MATERIAL FOR THE TASK ▸

---

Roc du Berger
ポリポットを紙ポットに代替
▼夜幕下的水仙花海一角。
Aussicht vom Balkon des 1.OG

---

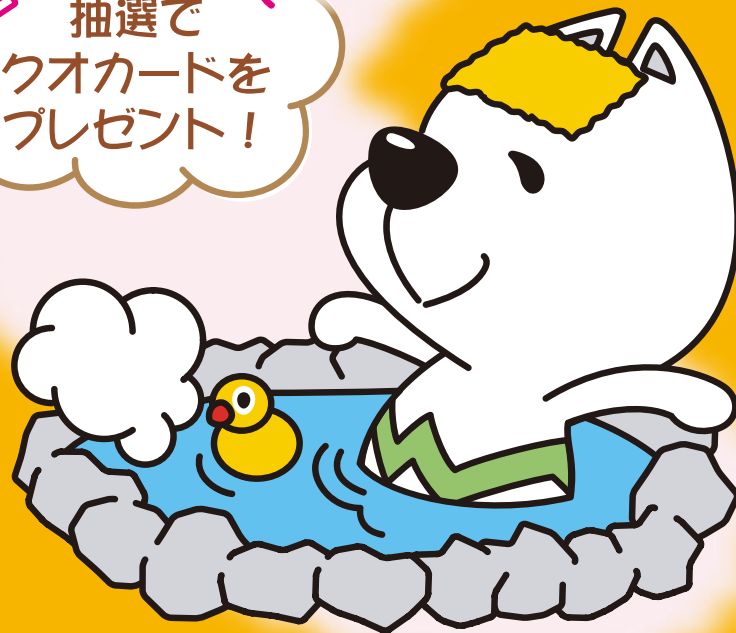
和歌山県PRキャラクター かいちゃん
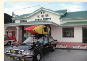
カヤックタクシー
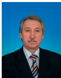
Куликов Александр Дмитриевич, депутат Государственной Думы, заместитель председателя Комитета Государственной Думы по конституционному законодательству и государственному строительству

---

WORK TASK ▸
Copy the listing above exactly, but only from the line with "和歌山県PRキャラクター かいちゃん" through the line with "Куликов Александр Дмитриевич, депутат", including those two lines and excluding any picture.

OUTPUT OF THE EXERCISE ▸
和歌山県PRキャラクター かいちゃん
カヤックタクシー
Куликов Александр Дмитриевич, депутат Государственной Думы, заместитель председателя Комитета Государственной Думы по конституционному законодательству и государственному строительству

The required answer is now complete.